## BRIEF
Every line from the start of the data through the line containing "Burnished 2008 $1" should be retyped exactly; the pictures should not.
== RECORDS PROVIDED
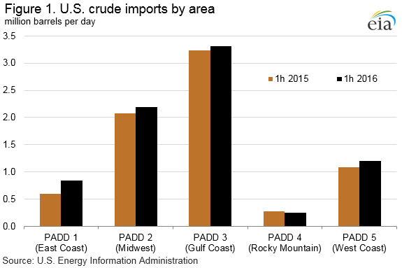 East coast crude oil imports were up the most, rising by 244,000 b/d (41 percent) compared with the first half of 2015. Crude imports increased in all other regions except the Rocky Mountain region.
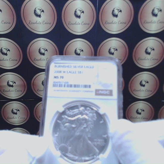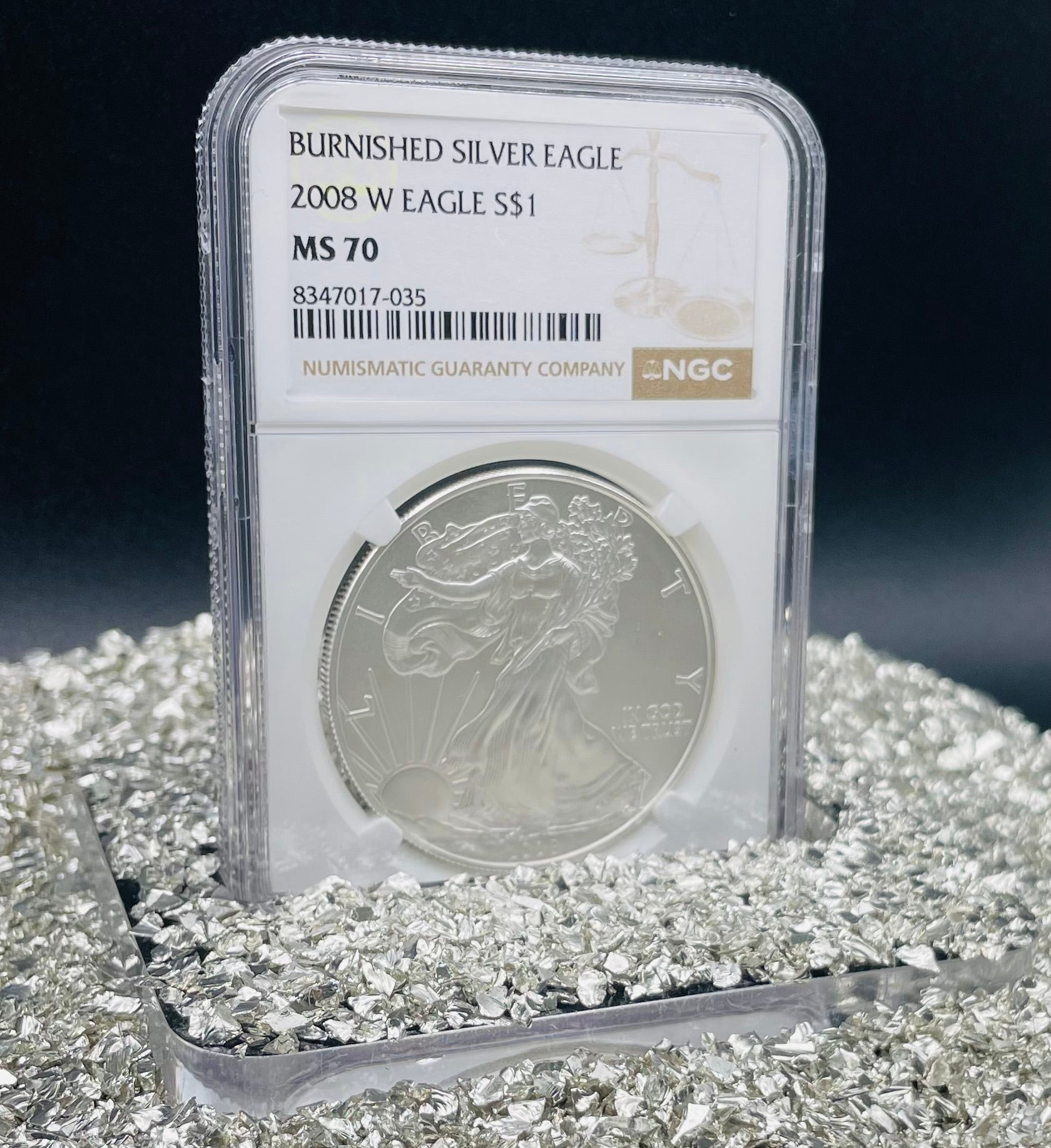 Burnished 2008 $1 (W) American Silver Eagle NGC MS70 Brown Label Mint Condition
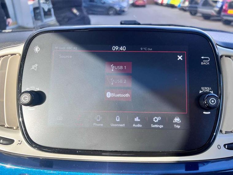 Apple car play/Android Auto, Cruise control, E-call, External temperature gauge, Power assist steering, Rear parking sensor, Speed limiter, Stop/start system, Trip computer, 4 speakers, 7" HD Touchscreen Radio, Bluetooth, USB and DAB, Rear speakers, 3rd brake light, Auto headlights, Body colour bumpers, Body coloured electrically adjustable door mirrors, Chrome plated exterior door handles, Dolcevita badge on fender, Dusk and rain sensors, Electric front windows, Fixed glass sunroof with sunblind, Front fog lights, Halogen headlamps, Heat insulated glass, Heated rear windows with wash wipe, LED daytime running lights, Rear side wing doors, Rear wiper, 1 passenger grab handle, 2 seat bench in second row, 50/50 split folding rear seats with height adjustable rear headrests, Air conditioning, Auxilliary 12V power socket, Chrome kit, Front headrests, Height adjustable drivers seat, Height adjustable steering wheel, Isofix child seat preparation, Single front passenger seat, Techno leather steering wheel with audio controls, 7 airbags - Driver, passenger, side, window and drivers knee airbags, ABS/EBD, ESC + ASR/MSR + HBA + Hill holder, Manual passenger airbag deactivation function, Traction control, Tyre pressure monitoring system, Automatic door locking, Immobiliser, Locking fuel filler cap, Remote central locking, 15" Alloy wheels,
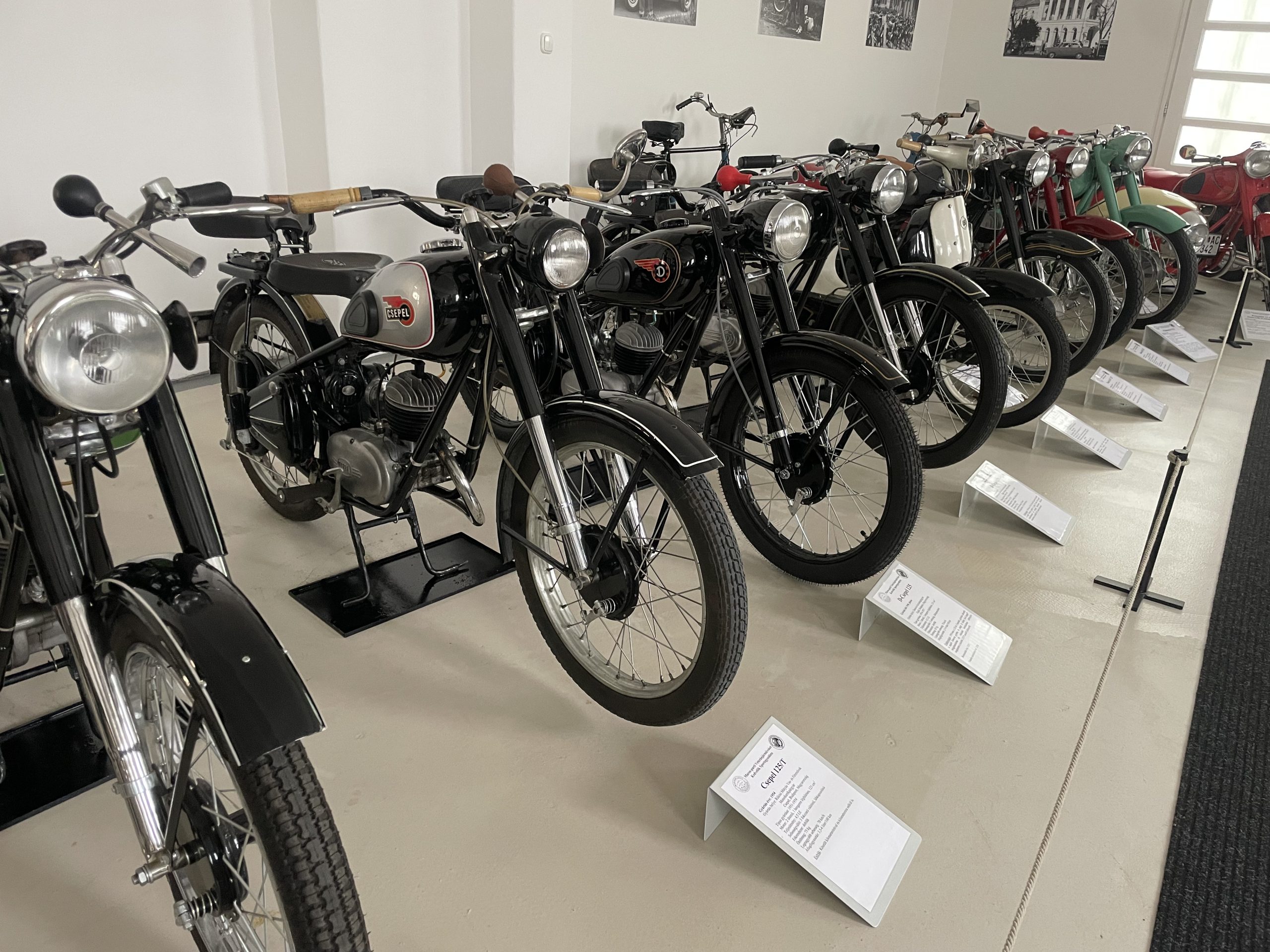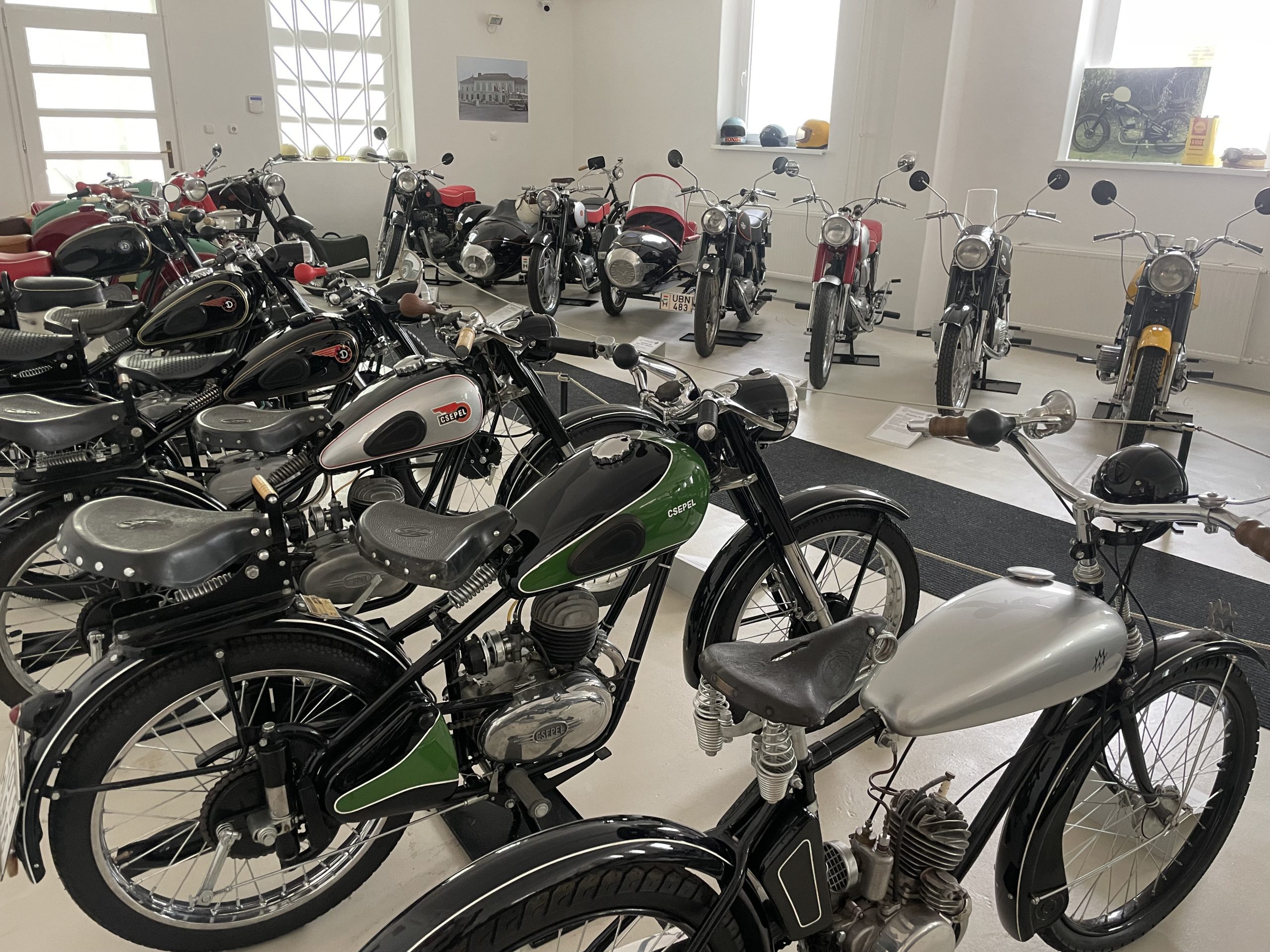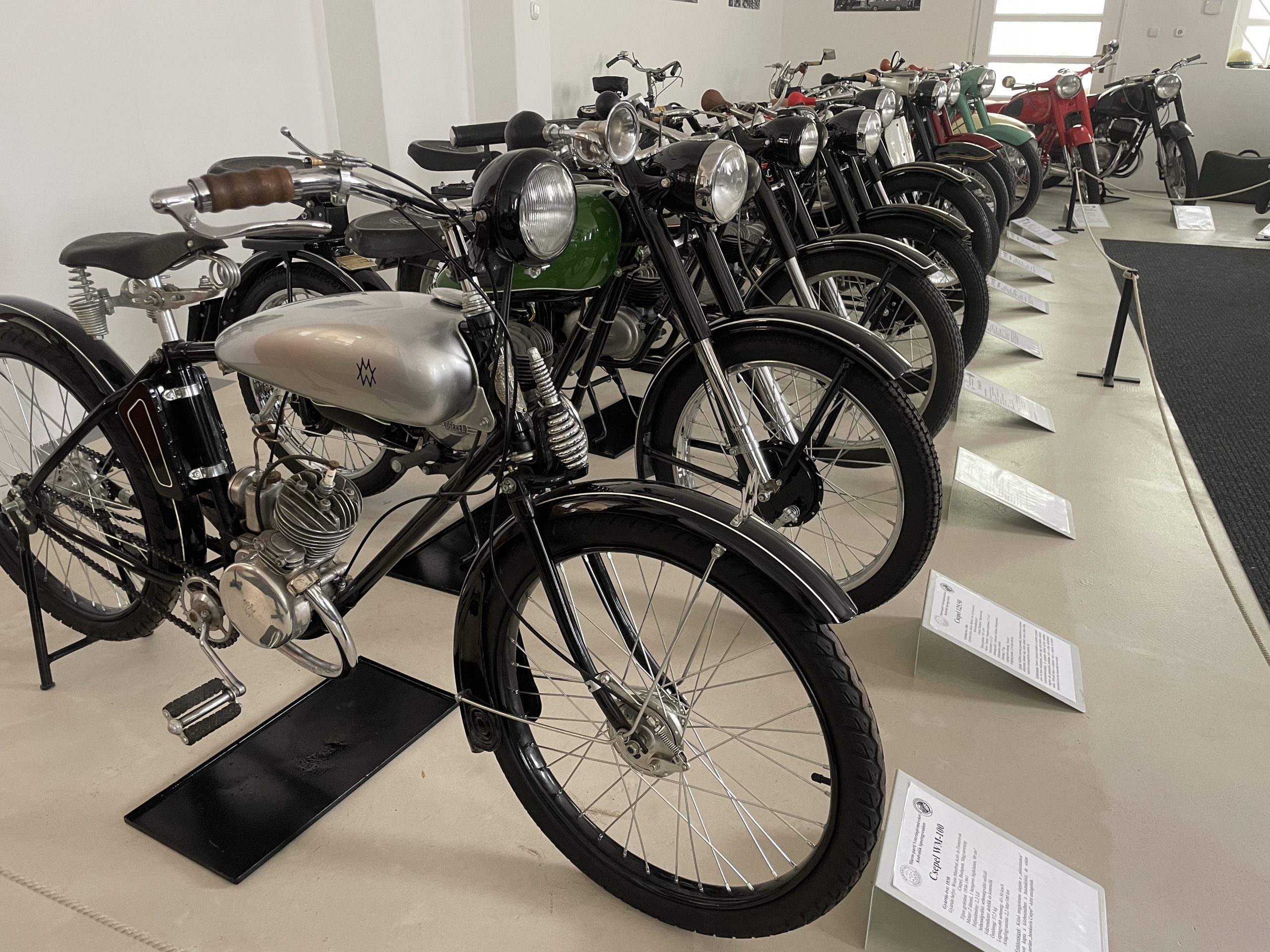 A következő teremben lépve a magyar és az európai motorkerékpár-gyártás színe-java fogadja a látogatókat. Csaknem negyven, gondosan restaurált jármű, mintha nem több évtizede, hanem most gördültek volna le a futószalagról. Köztük olyan kuriózumok is láthatók, mint a csepeli Weiss Manfréd Művek 250 köbcentis kísérleti motorkerékpárja, amiből 1929-ben összesen hat darab készült! A prototípust egy BMW-motorkerékpár ihlette. Sorozatgyártása azért maradt el, mert a Méray Motorkerékpárgyár tulajdonosa egykor levélben kérte a Weiss családot, ne tegyék tönkre. Az alku megköttetett: Weissék maradtak a segédmotoros kerékpároknál, míg a Méray gyár a nagymotorokkal próbálkozott.
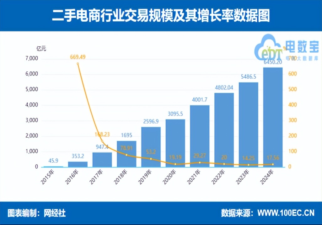 2024年,二手電商交易規模達6450.2億元,同比增長17.56%。此前,2016年增長率高達669.49%,從2017年-2023年交易規模和增速分別為, 947.4億元(168.23%)、1695億元(78.91%)、2596.9億元(53.2%)、3095.5億元(19.19%)、4001.7億元(29.27%)、4802.04億元(20%),5486.5(14.25)。
====
## FINAL ANSWER
 East coast crude oil imports were up the most, rising by 244,000 b/d (41 percent) compared with the first half of 2015. Crude imports increased in all other regions except the Rocky Mountain region.
 Burnished 2008 $1 (W) American Silver Eagle NGC MS70 Brown Label Mint Condition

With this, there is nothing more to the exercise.